Solving $\frac{x^2 + 12x + 4}{x+2} = 6\sqrt x$

Question

I need some tips with solving this algebraic equation $$\frac{x^2 + 12x + 4}{x+2} = 6\sqrt x$$

I've tried subtracting: $$\frac{8x}{x+2}$$ and also setting $$\sqrt x = t$$

Where "t" is a substitution to make things simpler.

This is how it ends up:

$$x + 2 = 6\sqrt x - \frac{8x}{x+2}$$

or

$$t^2 + 2 = 6t - \frac{8t^2}{t^2+2}$$

Unfortunately, I couldn't find a way from here without getting polynomials of the fourth degree or equations with $$x\sqrt x$$

I'd just like to clarify that I'm not looking for the solution here. I'd just like it if I could have some pointers or tips on where to go from here, or even if I did something wrong.

Thanks in advance!!!

Answer 1

Substitute $\sqrt x=t$ to get fourth degree polynomial equation which further can be factorized into two quadratics polynomials $$\frac{t^4 + 12t^2 + 4}{t^2+2} = 6t$$ $$t^4-6t^3+12t^2-12t+4=0$$ $$(t^2-4t+2)(t^2-2t+2)=0$$ $$t^2-4t+2=0, \ \ \ \ t^2-2t+2=0$$ Solving above quadratic equations, we get $$t=2\pm \sqrt2, \ \ \ t=1\pm i$$

Answer 2

Start with $$\frac{x^2 + 12x + 4}{x+2} = 6\sqrt x$$ Then, $$x^2+12x+4=6\sqrt{x}(x+2)$$ Square both sides, $$ x^4 + 24 x^3 + 152 x^2 + 96 x + 16 = 36x^3+144x^2+144x$$ Therefore we want to find the roots of the equation $$x^4-12x^3+8x^2 - 48x +16 =0$$ Although you could use the quartic formula it's a real pain. Wolfram Alpha finds $$x=6 \pm 4\sqrt{2} \ ; x= \pm 2i.$$

Answer 3

Middle term splitting will always remain my favorite method for factorising polynomials!

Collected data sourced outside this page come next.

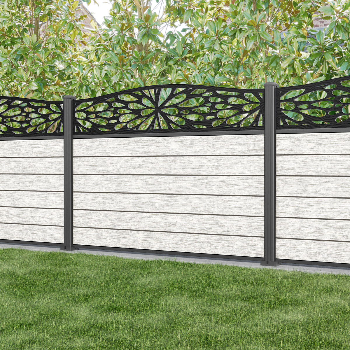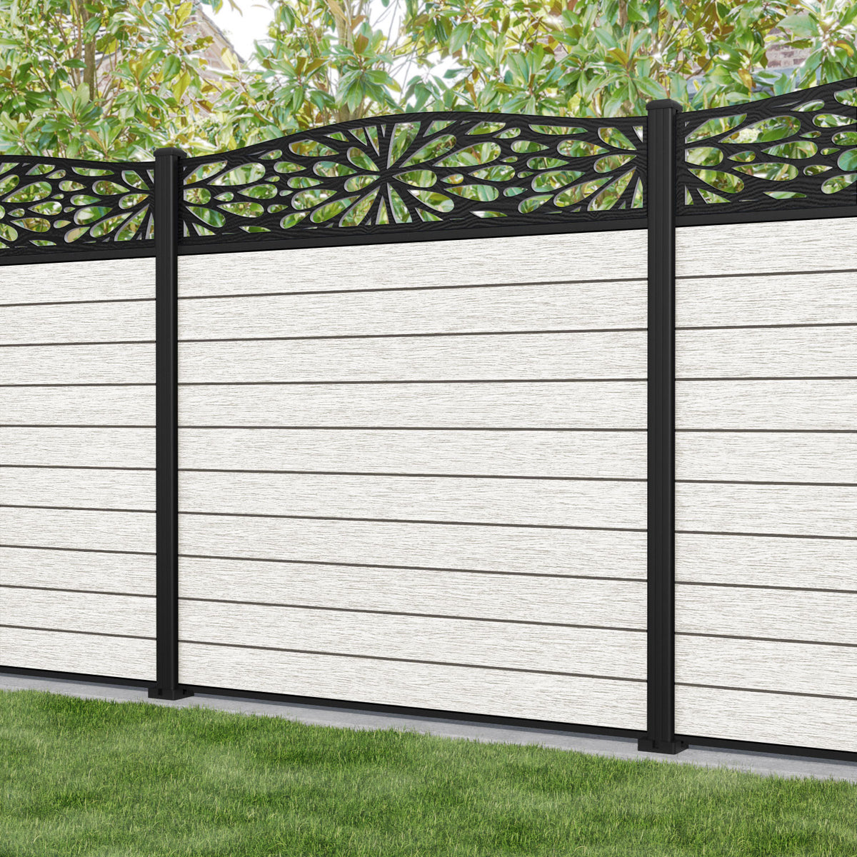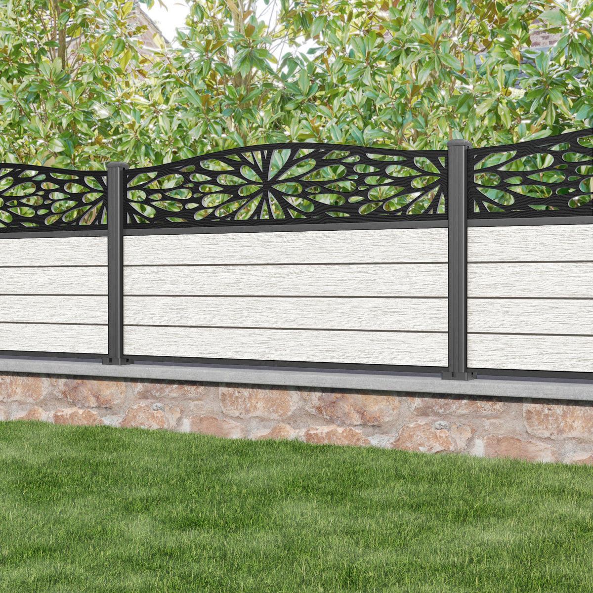Fusion Blossom Curved Top Fence Panel Light Stone - with our aluminium posts
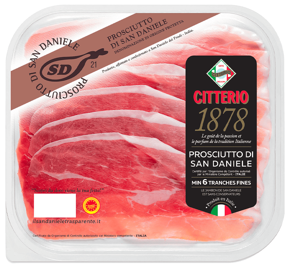 "descriptionDetail": "Prosciutto di San Daniele PDO is a world-famous Italian specialty, produced using only Italian pork legs and sea salt, without preservatives. Citterio's master butchers follow every stage of the salting and curing process for each individual ham at the San Daniele factory. Only after numerous selections does a ham become a Citterio San Daniele Ham, characterised by its unique, sweet and delicate flavour.",
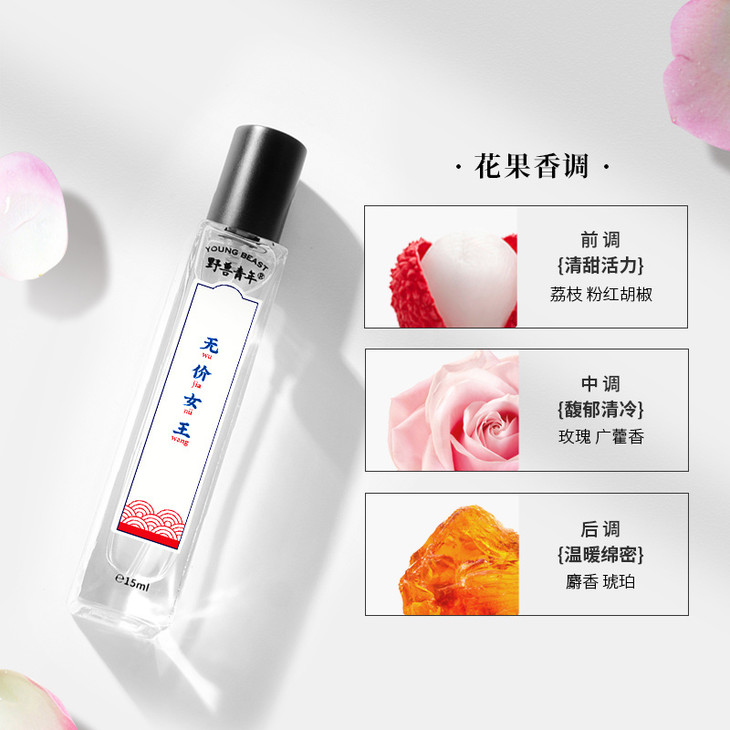 ⑥ 无"价"女"王(花果香调·) 前调 {清甜活力} 荔枝粉红胡椒 中调 {馥郁清冷}玫瑰广藿香 后调{温暖绵密}麝香琥珀

\begin{align*} &\frac{x^2 + 12x + 4}{x+2} = 6\sqrt x\\ \iff &\dfrac{(x+2)^2+8x}{x+2}=6\sqrt x\\ \iff &(x+2)^2-6\sqrt x(x+2)+8x=0\\ \iff &(x+2)^2-4\sqrt x(x+2)-2\sqrt x(x+2)+8x=0\\ \iff &(x+2-4\sqrt x)(x+2-2\sqrt x)=0 \end{align*} Now apply the quadratic formula.